C/C++---二進位制類(運算子號的過載)
【問題描述】
將一個16位二進位制數表示成0和1的字元序列,即用一個字元陣列來存放這個二進位制數。在這個類中設定兩個建構函式,一個是傳遞整數引數的,另一個是傳遞字串引數的。因為使用者在建立物件時傳遞的二進位制數,可能是以整數形式給出,也可能是以數字串形式給出,系統應該都能接受。另外有一個型別轉換函式int(),用來將類型別向整型轉換,即將二進位制形式的類物件轉換為整形數。
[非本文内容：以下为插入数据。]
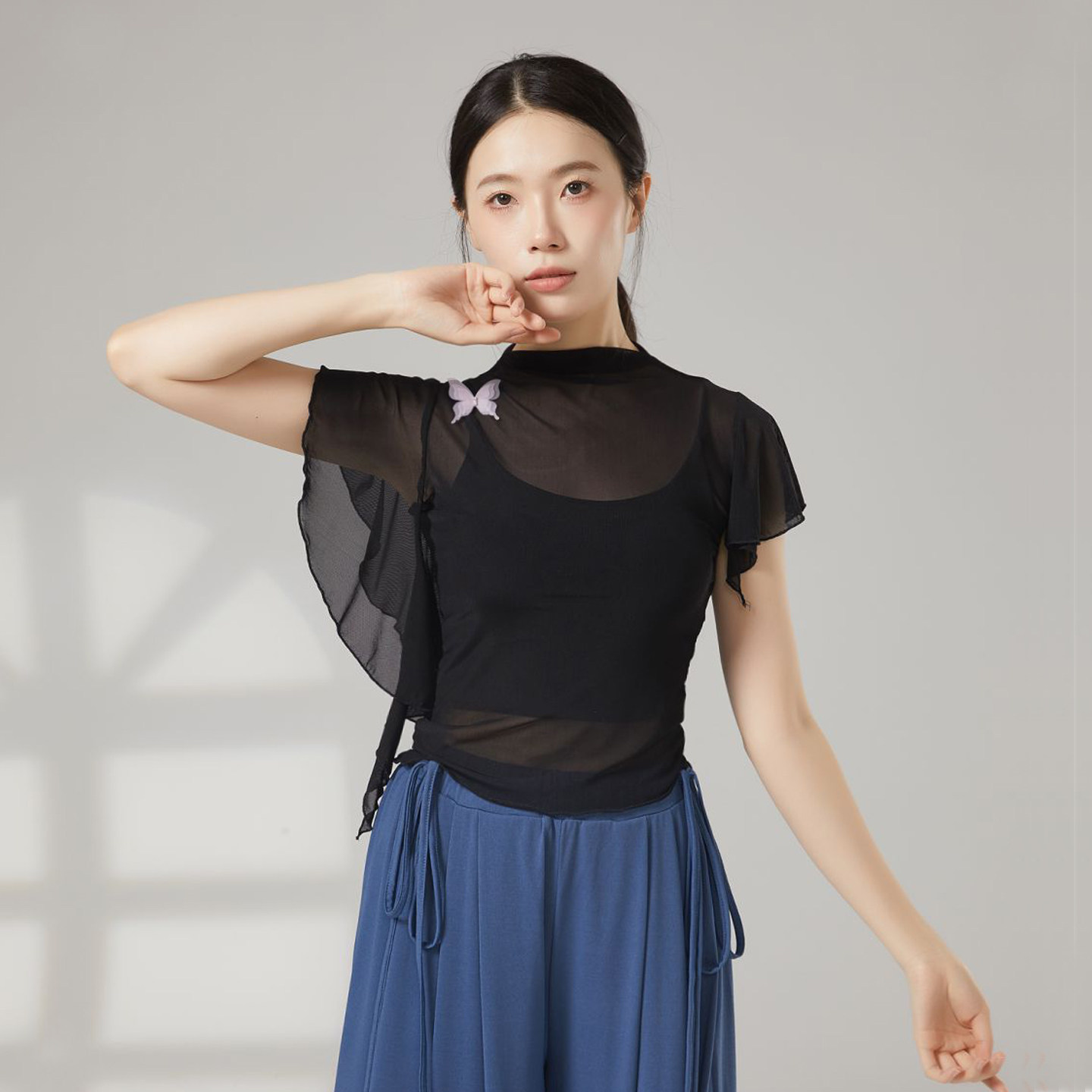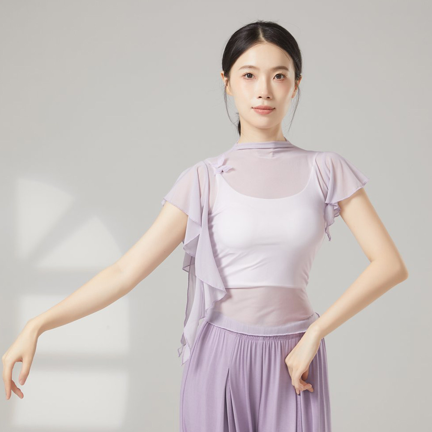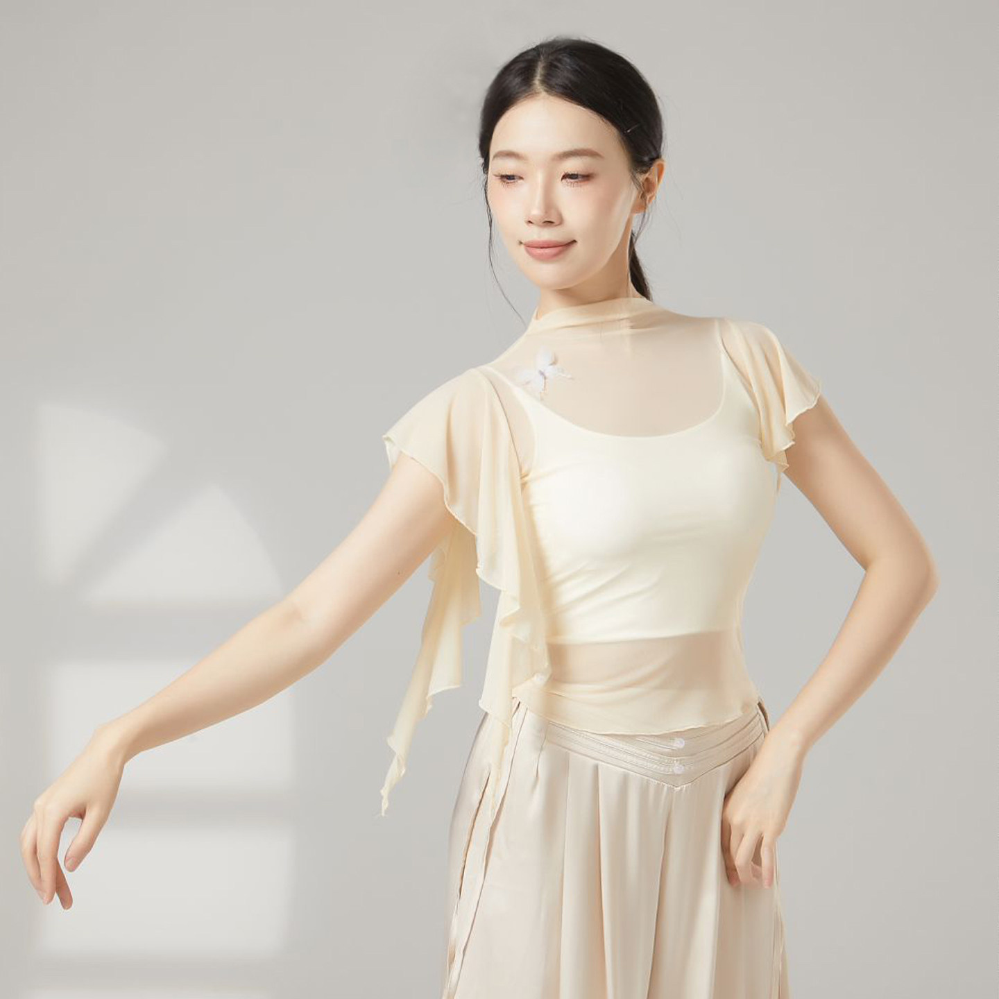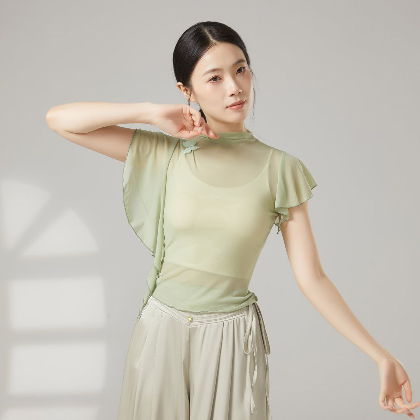 上衣女芭蕾舞练功服现代舞罩衫 古典舞高领纱衣身韵舞蹈服修身 短袖

兩個過載運算子“+”,“-”,用來完成兩個二進位制數之間的加減運算。
class binary { //定義二進位制類
char bits[16]; //二進位制字模陣列
public:
binary(char *); //字串引數建構函式
binary(int); //整型引數建構函式
friend binary operator +(binary,binary); //過載“+”,友元函式
friend binary operator -(binary,binary); //過載“-”,友元函式
operator int(); //類型別轉換函式,成員函式
friend ostream & operator <<(ostream &out, binary &b);//過載“<<”,以二進位制形式輸出
void print();//以整型形式輸出
};
主函式設計如下,請勿修改:
int main(){
binary n1=“1011”;
binary n2=int(n1)+15;
binary n3=n1-binary(7);
cout<<n1<<endl;
cout<<n2<<endl;
cout<<n3<<endl;
cout<<int(n2)+5<<endl;
n2=n2-binary(5);
n2.print();
n3=n3+binary(5);
n3.print();
cout<<int(n3)-5<<endl;
return 0;
}
【樣例輸出】
0000000000001011
0000000000011010
0000000000000100
31
21
9
4
程式碼如下
#include<iostream>
#include<string.h>
#include<cmath>
using namespace std;
class binary {
char bits[16];
public:
binary(char *s);
binary(int n);
friend binary operator+(binary b1, binary b2);
friend binary operator-(binary b1, binary b2);
operator int();
friend ostream & operator<<(ostream &out, binary &b);
void print();
};
binary::binary(char *s)
{
int i, size = strlen(s);
for (i = 0; i < 16 - size; i++)
{
bits[i] = '0';
}
for (int j = 0; j < size; j++,i++)
{
bits[i] = s[j];
}
}
binary::binary(int n)
{
int re, i = 0;
while (n != 0)
{
re = n % 2;
bits[i++] = re + 48;
n /= 2;
}
while (i<16)
{
bits[i++] = '0';
}
for (int k = 0, j = 15; k < j; k++, j--)
{
re = bits[k];
bits[k] = bits[j];
bits[j] = re;
}
}
binary::operator int()
{
int j = 0, ans = 0;
for (int i = 15; i >= 0; i--,j++)
{
ans += (bits[i] - 48)*pow(2, j);
}
return ans;
}
void binary::print()
{
cout << int(*this) << endl;
}
binary operator+(binary b1, binary b2)
{
binary temp(int(b1)+int(b2));
return temp;
}
binary operator-(binary b1, binary b2)
{
binary temp(int(b1)-int(b2));
return temp;
}
ostream & operator<<(ostream & out, binary & b)
{
for (int i = 0; i < 16; i++)
out << b.bits[i];
return out;
}
int main()
{
binary n1 = const_cast<char*>("1011");
binary n2 = int(n1) + 15;
binary n3 = n1 - binary(7);
cout << n1 << endl;
cout << n2 << endl;
cout << n3 << endl;
cout << int(n2) + 5 << endl;
n2 = n2 - binary(5);
n2.print();
n3 = n3 + binary(5);
n3.print();
cout << int(n3) - 5 << endl;
return 0;
}